“走啦!萤诺。”班级内的女生们合围走来,“中午都陪你的男朋友君,下午就跟我们一起玩吧!”
“不。不是。”萤诺羞语,在意身前的若默而又大声道,“他才不是呢!”
“好好好。”她们拉起萤诺的手。
在路过若默手边时,他向她们露出微笑,未出声地唇语:“玩的愉快。”
“哼。”萤诺撇过脸。
但在出教室门的一刻,萤诺很努力地扭转视线回看这里,只有仟予留意到了萤诺眼神的微动作。在萤诺的视角里,若默的背影正向仟予走去。
“我们也走吧。到现在还只去过一个社团。”
“嗯。话说你和她是怎么认识的?应该更近一步地提问,你和她第一次聊天是怎么开始的?”
“仟予。对此感兴趣啊。”若默又是超级阳光的笑容,仿佛鼠标点击一下可以收获50的阳光,“就很普通。毕竟见面的时候都还小,刚上小学。我想想。那天晚餐之后,我问她要不要骑自行车,带辅助轮的。她无视了。又问玩滑轮吗?虽然我只有一双,但脚的尺寸也差不多。哦!当然每次回来都有好好清洗。她也没应。我就选择展示我的宝可梦卡牌的收藏册,诺只多看了两眼。接着是陀螺、溜溜球、爆丸,它是个球体的磁吸玩具,碰到铁制的卡片会一下子从蛋的形态破壳。只能说男孩与女孩感兴趣的东西不尽相同,所以我决定画一张画,仟予看过摩尔庄园吗?一张圆圆的小脸蛋,画上可爱的红鼻子,两个水汪的大眼睛,最后画上灿烂的微笑。果然绘画才是她感兴趣的话题。”

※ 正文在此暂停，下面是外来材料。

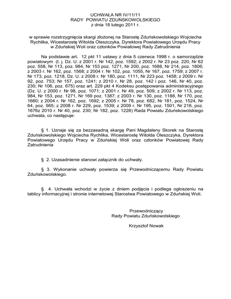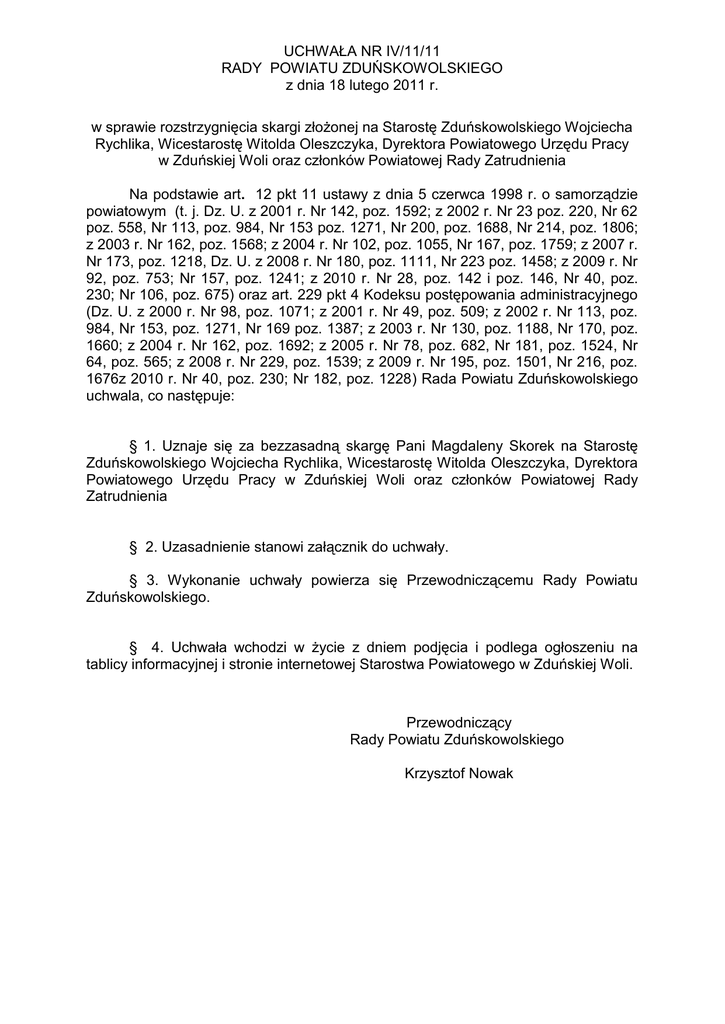 UCHWAŁA NR IV/11/11 RADY POWIATU ZDUŃSKOWOLSKIEGO z dnia 18 lutego 2011 r. w sprawie rozstrzygnięcia skargi złożonej na Starostę Zduńskowolskiego Wojciecha Rychlika, Wicestarostę Witolda Oleszczyka, Dyrektora Powiatowego Urzędu Pracy w Zduńskiej Woli oraz członków Powiatowej Rady Zatrudnienia Na podstawie art. 12 pkt 11 ustawy z dnia 5 czerwca 1998 r. o samorządzie powiatowym (t. j. Dz. U. z 2001 r. Nr 142, poz. 1592; z 2002 r. Nr 23 poz. 220, Nr 62 poz. 558, Nr 113, poz. 984, Nr 153 poz. 1271, Nr 200, poz. 1688, Nr 214, poz. 1806; z 2003 r. Nr 162, poz. 1568; z 2004 r. Nr 102, poz. 1055, Nr 167, poz. 1759; z 2007 r. Nr 173, poz. 1218, Dz. U. z 2008 r. Nr 180, poz. 1111, Nr 223 poz. 1458; z 2009 r. Nr 92, poz. 753; Nr 157, poz. 1241; z 2010 r. Nr 28, poz. 142 i poz. 146, Nr 40, poz. 230; Nr 106, poz. 675) oraz art. 229 pkt 4 Kodeksu postępowania administracyjnego (Dz. U. z 2000 r. Nr 98, poz. 1071; z 2001 r. Nr 49, poz. 509; z 2002 r. Nr 113, poz. 984, Nr 153, poz. 1271, Nr 169 poz. 1387; z 2003 r. Nr 130, poz. 1188, Nr 170, poz. 1660; z 2004 r. Nr 162, poz. 1692; z 2005 r. Nr 78, poz. 682, Nr 181, poz. 1524, Nr 64, poz. 565; z 2008 r. Nr 229, poz. 1539; z 2009 r. Nr 195, poz. 1501, Nr 216, poz. 1676z 2010 r. Nr 40, poz. 230; Nr 182, poz. 1228) Rada Powiatu Zduńskowolskiego uchwala, co następuje: § 1. Uznaje się za bezzasadną skargę Pani Magdaleny Skorek na Starostę Zduńskowolskiego Wojciecha Rychlika, Wicestarostę Witolda Oleszczyka, Dyrektora Powiatowego Urzędu Pracy w Zduńskiej Woli oraz członków Powiatowej Rady Zatrudnienia § 2. Uzasadnienie stanowi załącznik do uchwały. § 3. Wykonanie uchwały powierza się Przewodniczącemu Rady Powiatu Zduńskowolskiego. § 4. Uchwała wchodzi w życie z dniem podjęcia i podlega ogłoszeniu na tablicy informacyjnej i stronie internetowej Starostwa Powiatowego w Zduńskiej Woli. Przewodniczący Rady Powiatu Zduńskowolskiego Krzysztof Nowak UZASADNIENIE Pani Magdalena Skorek od dnia 04.01.2007 roku była zarejestrowana w Powiatowym Urzędzie Pracy w Zduńskiej Woli w charakterze osoby bezrobotnej. Jako bezrobotna, złożyła w dniu 06.11.2007 r. wniosek o przyznanie z Funduszu Pracy jednorazowo środków na podjęcie działalności gospodarczej o charakterze „ Wykonywanie usług fryzjerskich, tlenoterapia i kosmetyka ”. W wyżej wymienionym wniosku Pani Magdalena Skorek oświadczyła, iż nie podejmie i nie zarejestruje działalności gospodarczej do momentu podpisania umowy o przyznanie jednorazowo środków na podjęcie działalności gospodarczej. W dniu 18.12.2007 r., w siedzibie Powiatowego Urzędu Pracy w Zduńskiej Woli zawarta została umowa nr DRP.RRP 5531/173/AM/EFS 1.3/2007 pomiędzy Starostą Zduńskowolskim ( w imieniu którego działał, z upoważnienia, Zastępca Dyrektora Powiatowego Urzędu Pracy w Zduńskiej Woli ) a Panią Magdaleną Skorek. Środki na podjęcie działalności gospodarczej zostały wypłacone w dniu 18.12.2007 roku w kwocie 12.000,00 zł. Pani Magdalena Skorek zobowiązała się również do rozpoczęcia działalności gospodarczej i zgłoszenia jej do ZUS oraz do Urzędu Skarbowego w terminie do dnia 18.02.2008 roku. Zainteresowana zobowiązała się także do rozliczenia w kwocie brutto kwoty 12.000,00 zł i dostarczenia rozliczenia do siedziby Powiatowego Urzędu Pracy w Zduńskiej Woli w terminie do dwóch miesięcy od dnia podjęcia działalności gospodarczej. W tym samym terminie zainteresowana zobowiązała się dostarczyć zaświadczenie o wpisie do ewidencji działalności gospodarczej oraz zaświadczenie o zgłoszeniu działalności do ZUS i Urzędu Skarbowego. W ramach umowy, o której mowa powyżej zainteresowana zobowiązała się również do prowadzenia działalności gospodarczej przez nieprzerwany okres wynoszący co najmniej 12 miesięcy. Umowa przewidywała, że w przypadku niedotrzymania warunków umowy Starosta zastrzega sobie prawo jej wypowiedzenia, a bezrobotny obowiązany będzie wówczas do zwrotu wypłaconej mu kwoty wraz z odsetkami, w ciągu 30 dni od dnia otrzymania wezwania do zapłaty. Zainteresowana w dniu 28.12.2007 roku złożyła oświadczenie, w którym potwierdziła, że przyznane jej środki na podjęcie działalności gospodarczej zostały zaksięgowane na jej koncie bankowym w dniu 18.12.2007 roku. W dniu 15.04.2008 roku do Powiatowego Urzędu Pracy w Zduńskiej Woli wpłynęło rozliczenie środków przyznanych jednorazowo na podjęcie działalności gospodarczej, podpisane przez Panią Magdalenę Skorek. Zainteresowana dostarczyła wówczas m.in. faktury potwierdzające dokonanie wydatków związanych z podjęciem działalności gospodarczej, a także wpis do ewidencji działalności gospodarczej. Niektóre z faktur nie mogły jednakże zostać uznane jako rozliczenie środków wydatkowanych zgodnie z umową nr DRP.RRP 5531/173/AM/EFS 1.3/2007, gdyż potwierdzały dokonanie zakupów na towary niewyszczególnione we wniosku Pani Magdaleny Skorek z dnia 06.11.2007 roku, bądź zakupy dokonane przed podpisaniem umowy co było sprzeczne z obowiązującymi przepisami. Z treści zaświadczenia o wpisie do ewidencji działalności gospodarczej, dołączonego do rozliczenia wydatkowanych środków wynikało, że Pani Magdalena Skorek w dniu 06.11.2007 roku dokonała wpisu do ewidencji działalności gospodarczej, w którym zgłosiła, iż działalność gospodarczą będzie prowadziła od dnia 15.12.2007 r. czyli przed podpisaniem umowy z Powiatowym Urzędem Pracy w Zduńskiej Woli co również oznaczało naruszeniem przepisów. W dniu 14.10.2008 r. zostało wystosowane pismo do Pani Magdaleny Skorek stanowiące wypowiedzenie umowy nr DRP.RRP 5531/173/AM/EFS1.3/2007. Z pisma tego wynikało, że umowa zostaje wypowiedziana z dniem 14.10.2008 roku z uwagi na niedotrzymanie przez Panią Magdalenę Skorek warunków, takich jak: dostarczenie rozliczenia wydatkowanych środków w terminie dwóch miesięcy od dnia podjęcia działalności gospodarc

“非也非也。”仟予摇头,“不过是吃的包子吃饱了啊。”
“‘谁的鼻子会这么大!’她朝我声调微高地说,愿意和我搭话了,随后一起去玩橡皮泥了。”
“你管这情节叫普通啊。细节印象如此细致,我免不了要阅读理解一下了。”
“毕竟是带了第一次的属性。”若默害羞,“况且那个年纪也开始记事了。”
“嚯。记事。算了,就归于你活泼但不失体贴的性格好了。”
“谢,谢夸奖。”
“暖男的人设果然是讨人喜欢啊。OK,你就是我委员会的门面担当了。”
“!”若默听到了很让人精神的讯息,“我,我也能参与吗?”
“不然呢。指挥一个阳光少年做点阴暗的事,哼哼哼,在某些小说里,这可是让人鄙夷却又忍不住看下去的反差。”
“我会尽力做好的。”
“你这时应该吐槽下才对啊!比如‘谁会去做啊!’,‘哪本正经的小说会设计这样的情节啊!’这样的。那么快被我同化,这会让观众觉得你的热心有点廉价。”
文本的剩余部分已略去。